Exercise goal: Given the entries below, would you transcribe exactly the lines starting at the one with "Chill in refrigerator" and ending at the one with "남성 바지 봄과 가을", both kept, pictures omitted, nothing extra?

(Supplied material)

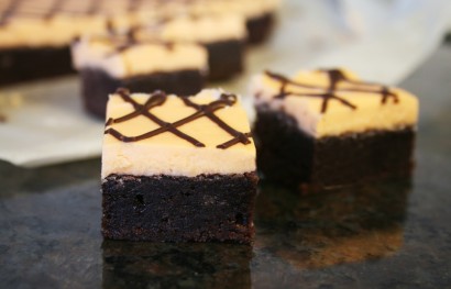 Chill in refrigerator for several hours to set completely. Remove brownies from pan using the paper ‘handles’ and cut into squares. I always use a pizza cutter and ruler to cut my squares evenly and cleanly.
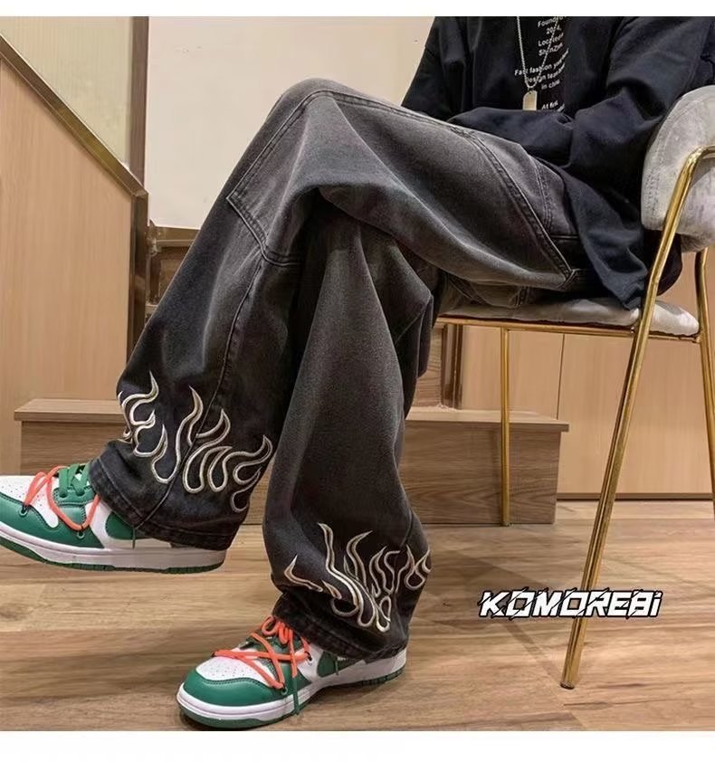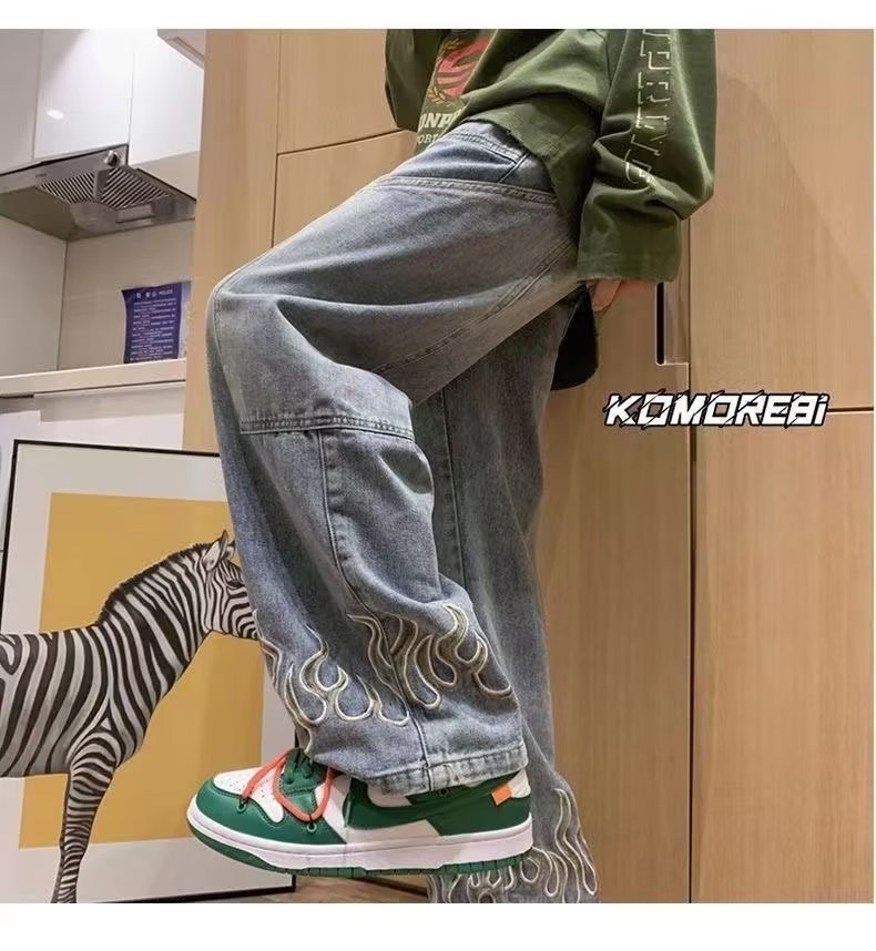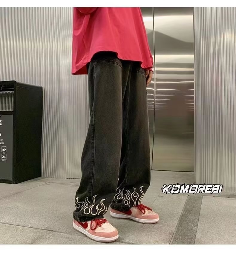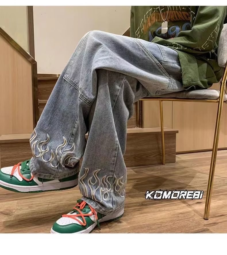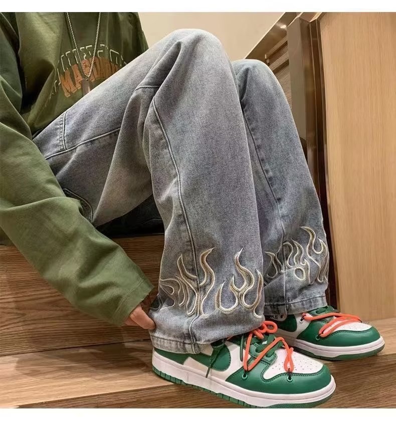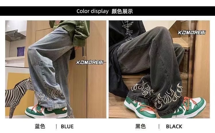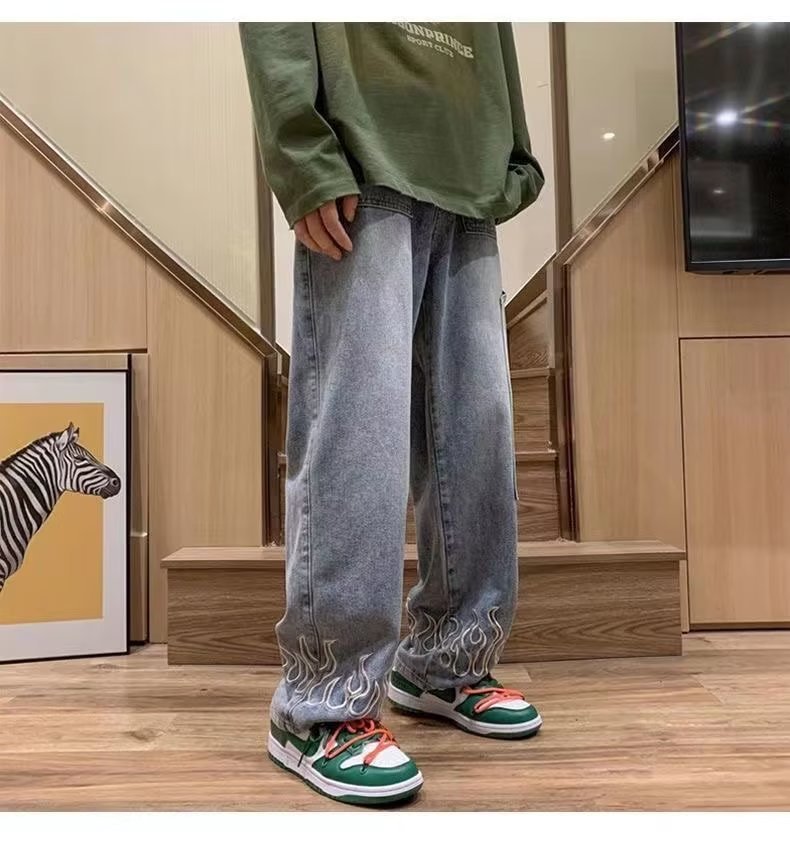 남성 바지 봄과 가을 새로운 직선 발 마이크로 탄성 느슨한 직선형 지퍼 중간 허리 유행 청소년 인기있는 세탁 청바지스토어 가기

(End Supplied material)
(Supplied material)

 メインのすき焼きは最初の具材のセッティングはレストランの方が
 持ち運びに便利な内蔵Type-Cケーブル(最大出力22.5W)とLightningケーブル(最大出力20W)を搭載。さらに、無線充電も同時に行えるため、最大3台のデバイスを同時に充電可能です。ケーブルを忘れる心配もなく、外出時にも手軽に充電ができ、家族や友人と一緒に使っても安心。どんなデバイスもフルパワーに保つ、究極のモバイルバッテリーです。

(End Supplied material)
(Supplied material)

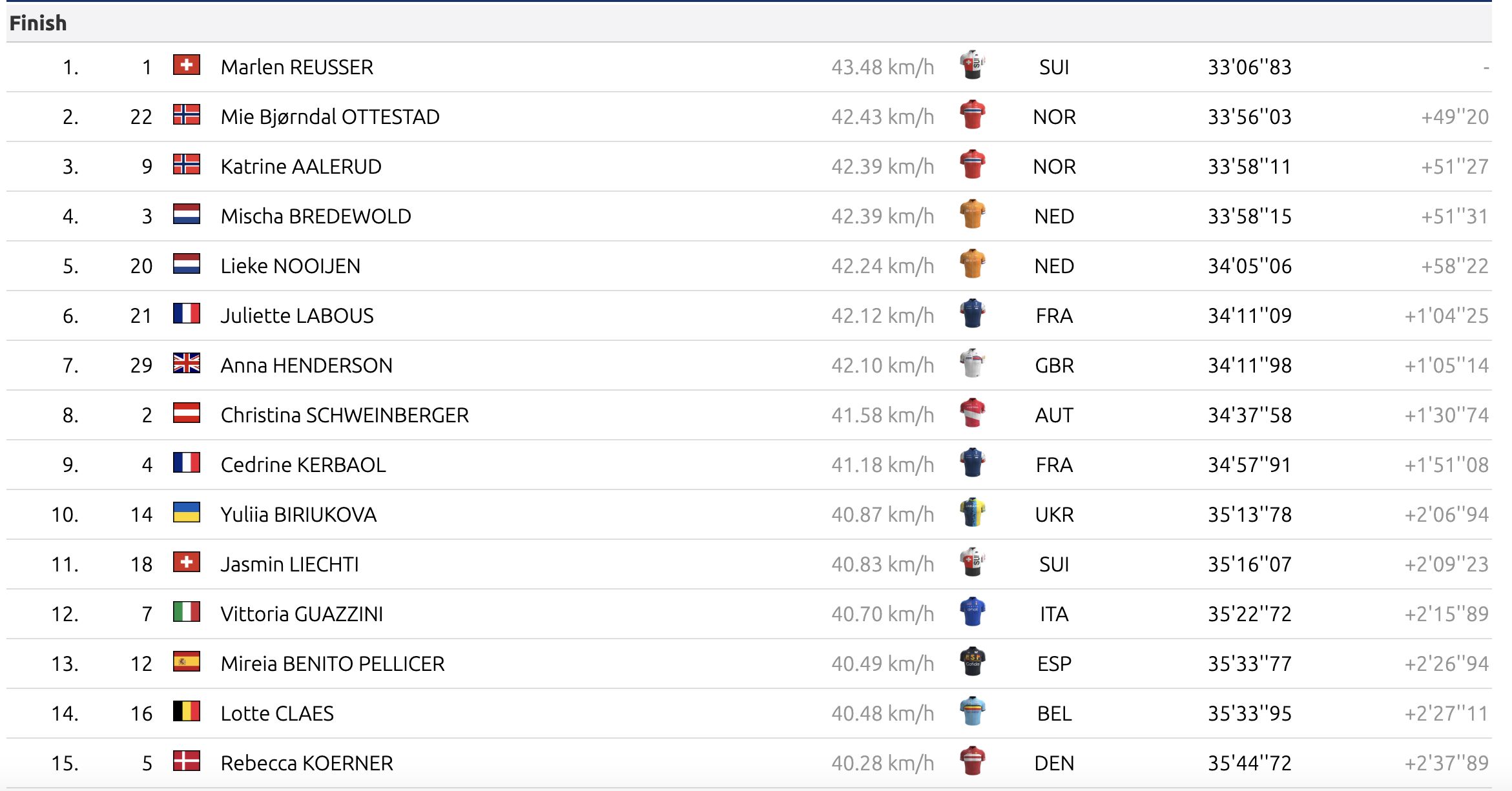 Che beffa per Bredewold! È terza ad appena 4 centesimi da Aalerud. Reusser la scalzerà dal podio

(End Supplied material)

Response below:
 Chill in refrigerator for several hours to set completely. Remove brownies from pan using the paper ‘handles’ and cut into squares. I always use a pizza cutter and ruler to cut my squares evenly and cleanly.
 남성 바지 봄과 가을 새로운 직선 발 마이크로 탄성 느슨한 직선형 지퍼 중간 허리 유행 청소년 인기있는 세탁 청바지스토어 가기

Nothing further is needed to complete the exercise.